The authors designated half the study population as a training cohort to determine whether combining FUT2/FUT3 genotypes with CA19-9 levels could help define new CA19-9 thresholds to identify nonproducer (Lewis antigen-negative) patients, thereby reducing misinterpretation and improving prognostic assessment.
This process identified a CA19-9 level of 7 units/mL or less as a new cutoff for identifying patients with pancreatic cancer who have the Lewis antigen-negative genotype. Validation of the cutoff in the rest of the study participants showed that this CA19-9 cutoff had 87.9% accuracy in identifying Lewis antigen-negative patients.
The study also found that Lewis antigen-negative patients with a CA19-9 level of 7 units/mL or less experienced outcomes comparable to patients with CA19-9 levels of greater than 200 units/mL. By examining overall survival (OS) based on CA19-9 levels, the authors determined that patients in the two intermediate strata had the longest OS: those with CA19-9 levels between 7 units/mL and 37 units/mL had a median OS of 23.2 months, while patients with CA19-9 levels greater than 37 units/mL to 200 units/mL had a median OS of 22 months.
In contrast, patients with CA19-9 levels of 7 units/mL or less had a median OS of 13.5 months, which was comparable to the median OS of 12.8 months seen in patients with CA19-9 levels of more than 200 units/mL, suggesting that CA19-9 levels of 7 units/mL or less may be prognostic of high-risk disease.
“These data tell us that the conventional normal CA19-9 range of less than 37 does not distinguish between true low tumor burden and Lewis-negative status,” Su said.
To compensate for the lack of routine genotyping in clinical practice, Su and his coauthors suggested that using a dual-threshold CA19-9 model in which a cutoff of 7 units/mL or less will identify high-risk Lewis antigen-negative patients, whose clinical outcomes will likely parallel those of patients with a CA19-9 level of more than 200 units/mL.

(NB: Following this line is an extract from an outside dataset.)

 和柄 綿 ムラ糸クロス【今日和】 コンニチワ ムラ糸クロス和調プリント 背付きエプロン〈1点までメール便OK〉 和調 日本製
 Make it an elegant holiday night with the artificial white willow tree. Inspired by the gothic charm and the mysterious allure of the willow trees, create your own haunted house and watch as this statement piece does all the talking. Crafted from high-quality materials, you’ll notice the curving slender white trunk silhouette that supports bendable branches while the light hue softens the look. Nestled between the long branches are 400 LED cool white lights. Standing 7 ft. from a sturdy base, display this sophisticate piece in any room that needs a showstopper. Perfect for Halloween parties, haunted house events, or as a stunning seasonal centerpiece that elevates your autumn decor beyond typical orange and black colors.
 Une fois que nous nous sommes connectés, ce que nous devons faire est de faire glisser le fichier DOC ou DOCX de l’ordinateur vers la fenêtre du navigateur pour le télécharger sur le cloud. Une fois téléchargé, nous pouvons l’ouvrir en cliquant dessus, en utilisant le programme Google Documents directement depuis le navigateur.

“Using a CA19-9 cutoff of 7, we achieved about 88% accuracy in identifying Lewis antigen-negative patients, whose prognosis is poor despite ‘normal’ or very low CA19-9 values,” said Su. “Using this cutoff was a practical surrogate for identifying these patients without the need for genotyping, thereby improving their risk stratification and preventing underestimation of their disease severity.”

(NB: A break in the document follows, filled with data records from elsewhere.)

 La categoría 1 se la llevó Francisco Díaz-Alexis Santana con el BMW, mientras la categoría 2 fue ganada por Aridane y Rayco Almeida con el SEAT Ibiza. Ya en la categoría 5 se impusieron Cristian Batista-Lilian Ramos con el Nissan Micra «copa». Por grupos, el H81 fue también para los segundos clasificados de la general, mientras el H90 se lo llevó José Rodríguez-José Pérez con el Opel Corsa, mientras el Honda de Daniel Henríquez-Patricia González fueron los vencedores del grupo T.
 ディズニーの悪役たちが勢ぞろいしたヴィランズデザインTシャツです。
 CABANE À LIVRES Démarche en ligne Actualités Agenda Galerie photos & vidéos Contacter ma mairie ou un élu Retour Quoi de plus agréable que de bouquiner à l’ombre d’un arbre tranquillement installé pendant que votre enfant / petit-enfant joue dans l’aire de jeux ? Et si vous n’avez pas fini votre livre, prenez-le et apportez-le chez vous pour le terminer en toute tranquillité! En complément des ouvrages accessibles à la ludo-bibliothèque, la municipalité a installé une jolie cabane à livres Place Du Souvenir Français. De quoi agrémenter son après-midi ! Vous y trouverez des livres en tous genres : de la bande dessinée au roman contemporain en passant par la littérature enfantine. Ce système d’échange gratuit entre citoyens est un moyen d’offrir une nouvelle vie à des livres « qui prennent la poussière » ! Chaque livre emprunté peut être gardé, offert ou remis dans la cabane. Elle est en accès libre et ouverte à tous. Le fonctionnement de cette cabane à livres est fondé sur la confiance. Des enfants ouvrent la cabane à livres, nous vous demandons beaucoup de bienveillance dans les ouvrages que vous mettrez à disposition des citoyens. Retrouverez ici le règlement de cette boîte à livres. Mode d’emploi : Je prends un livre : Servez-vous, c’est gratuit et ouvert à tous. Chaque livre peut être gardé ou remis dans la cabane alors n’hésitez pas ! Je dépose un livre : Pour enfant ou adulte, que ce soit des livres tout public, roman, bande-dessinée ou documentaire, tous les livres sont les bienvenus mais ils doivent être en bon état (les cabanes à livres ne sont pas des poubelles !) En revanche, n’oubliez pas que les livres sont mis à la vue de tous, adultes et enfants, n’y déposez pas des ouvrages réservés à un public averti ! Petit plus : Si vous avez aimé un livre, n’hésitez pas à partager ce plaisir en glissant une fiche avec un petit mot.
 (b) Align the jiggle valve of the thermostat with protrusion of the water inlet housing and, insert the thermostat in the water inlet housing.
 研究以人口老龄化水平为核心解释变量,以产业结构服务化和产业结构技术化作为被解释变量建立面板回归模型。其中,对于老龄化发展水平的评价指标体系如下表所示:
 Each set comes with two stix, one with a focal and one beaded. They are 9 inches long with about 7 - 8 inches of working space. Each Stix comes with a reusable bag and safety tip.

The study’s limitations include the fact that the study was conducted entirely in Taiwan, meaning the findings’ implications for populations outside of East Asia remain unknown. An additional limitation is that CA19-9 assays can vary across laboratories. An international validation study is planned as the next step.
The study was funded in part by the Ministry of Science and Technology, Taiwan; National Health Research Institutes, Taiwan; National Cheng Kung University College of Medicine/National Health
Research Institutes Joint Research Program, Taiwan; Kaohsiung Medical University, Taiwan; and National Science and Technology Council/T-Star Center. Su declares no conflicts of interest.